In his class, Agon is one of the few to have chosen his political camp. One day when his history teacher, Bram Gilles, opened his class by asking the students if they knew which party they were going to vote for, in the class, you could almost hear the pins dropping. “Hey, come on, voting is mandatory, it’s not an option,” insisted Mr. Gilles. Sighs in the classroom.

On June 9, 16-17 year olds will also have to vote in the European Parliament elections. That day, more than 800,000 aged 16 to 22 will go to the polls for the first time. Even if the first-time voters do not incur sanctions if they do not appear at the polling station on D-day, the Constitutional Court recently ruled that, like their elders, they have the obligation to vote.

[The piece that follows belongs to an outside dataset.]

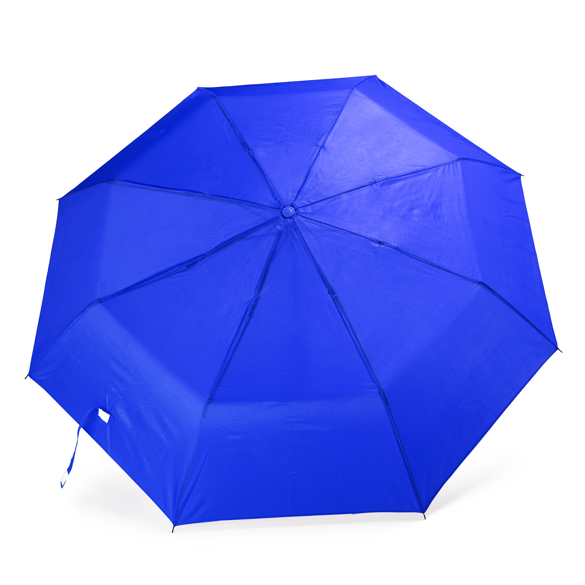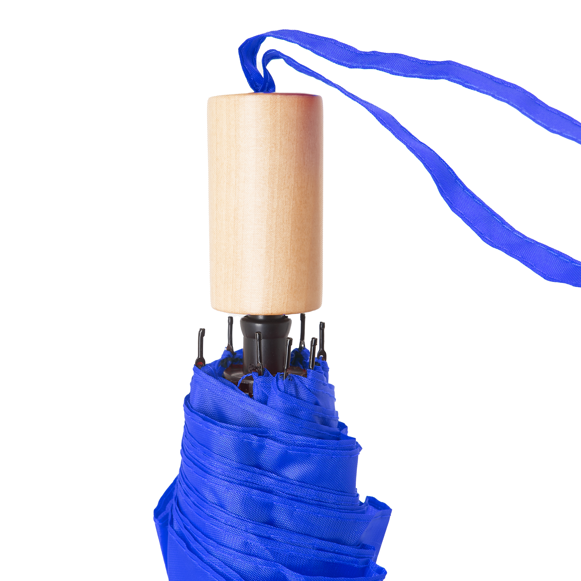 Paraguas plegable de RPET con funda a juego. Bastón, varillas y terminaciones en negro. Mango de madera natural. Cierre con velcro a juego y apertura manual. Diámetro 95 cm.

A decision which fuels electoral fever in schools. Sports halls are transformed into arenas, “political forums” are set up in canteens, where the political world struggles to win the votes of young people. At the Zavo school in Zaventem, which Agon attends, the history teacher, Mr. Gilles, began giving lessons in political current affairs. Using proposals from various electoral tests (on their sites, most media outlets offer series of questions that allow voters to know which party best corresponds to their own ideas), Mr. Gilles tries to help the boys – the only girl in the class is absent – ​​finding her way on the political spectrum.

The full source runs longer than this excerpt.